◆ Records for the exercise ◆

----

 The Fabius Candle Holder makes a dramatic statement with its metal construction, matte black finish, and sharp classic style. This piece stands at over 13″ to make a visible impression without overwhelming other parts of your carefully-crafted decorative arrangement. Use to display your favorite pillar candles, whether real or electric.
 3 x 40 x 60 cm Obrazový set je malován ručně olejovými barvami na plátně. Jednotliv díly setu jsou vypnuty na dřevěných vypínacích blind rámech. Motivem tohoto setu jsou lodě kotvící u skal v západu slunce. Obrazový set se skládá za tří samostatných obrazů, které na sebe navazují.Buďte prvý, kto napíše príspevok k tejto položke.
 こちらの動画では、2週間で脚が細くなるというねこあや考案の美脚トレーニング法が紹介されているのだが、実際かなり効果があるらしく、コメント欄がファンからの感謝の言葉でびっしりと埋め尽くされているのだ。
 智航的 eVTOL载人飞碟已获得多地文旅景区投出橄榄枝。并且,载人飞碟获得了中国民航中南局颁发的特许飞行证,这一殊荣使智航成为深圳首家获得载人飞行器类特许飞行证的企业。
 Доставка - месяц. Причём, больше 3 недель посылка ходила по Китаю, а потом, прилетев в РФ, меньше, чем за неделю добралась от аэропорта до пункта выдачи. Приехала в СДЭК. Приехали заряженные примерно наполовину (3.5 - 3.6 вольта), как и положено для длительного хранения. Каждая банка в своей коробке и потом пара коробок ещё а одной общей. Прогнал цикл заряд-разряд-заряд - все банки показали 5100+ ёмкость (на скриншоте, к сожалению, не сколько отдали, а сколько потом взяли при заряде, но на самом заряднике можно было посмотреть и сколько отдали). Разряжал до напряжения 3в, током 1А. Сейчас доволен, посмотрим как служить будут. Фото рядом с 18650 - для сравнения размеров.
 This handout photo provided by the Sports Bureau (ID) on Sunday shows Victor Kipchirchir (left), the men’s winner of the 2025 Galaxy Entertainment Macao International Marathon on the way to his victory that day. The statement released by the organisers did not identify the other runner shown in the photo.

----

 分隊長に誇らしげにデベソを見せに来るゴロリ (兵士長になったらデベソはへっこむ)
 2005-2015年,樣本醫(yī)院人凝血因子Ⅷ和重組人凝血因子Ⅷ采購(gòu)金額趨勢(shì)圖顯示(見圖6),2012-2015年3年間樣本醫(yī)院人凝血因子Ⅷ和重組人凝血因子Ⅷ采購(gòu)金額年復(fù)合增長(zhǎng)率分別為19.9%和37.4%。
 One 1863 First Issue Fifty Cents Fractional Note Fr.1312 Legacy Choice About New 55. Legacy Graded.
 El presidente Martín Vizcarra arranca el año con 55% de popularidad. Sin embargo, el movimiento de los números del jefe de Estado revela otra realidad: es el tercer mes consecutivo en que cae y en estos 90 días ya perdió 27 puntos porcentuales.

----

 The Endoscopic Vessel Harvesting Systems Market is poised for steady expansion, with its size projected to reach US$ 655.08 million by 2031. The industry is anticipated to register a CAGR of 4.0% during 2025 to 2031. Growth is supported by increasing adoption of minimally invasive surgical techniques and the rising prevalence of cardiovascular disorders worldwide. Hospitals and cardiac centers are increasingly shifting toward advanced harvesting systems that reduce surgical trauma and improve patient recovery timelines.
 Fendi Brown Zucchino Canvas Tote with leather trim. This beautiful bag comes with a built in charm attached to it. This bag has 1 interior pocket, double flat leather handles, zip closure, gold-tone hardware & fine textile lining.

----

◆ Problem to solve ◆
Could you return all lines from the data above that contain the string "This"?

◆ Solved exercise ◆
 The Fabius Candle Holder makes a dramatic statement with its metal construction, matte black finish, and sharp classic style. This piece stands at over 13″ to make a visible impression without overwhelming other parts of your carefully-crafted decorative arrangement. Use to display your favorite pillar candles, whether real or electric.
 This handout photo provided by the Sports Bureau (ID) on Sunday shows Victor Kipchirchir (left), the men’s winner of the 2025 Galaxy Entertainment Macao International Marathon on the way to his victory that day. The statement released by the organisers did not identify the other runner shown in the photo.
 Fendi Brown Zucchino Canvas Tote with leather trim. This beautiful bag comes with a built in charm attached to it. This bag has 1 interior pocket, double flat leather handles, zip closure, gold-tone hardware & fine textile lining.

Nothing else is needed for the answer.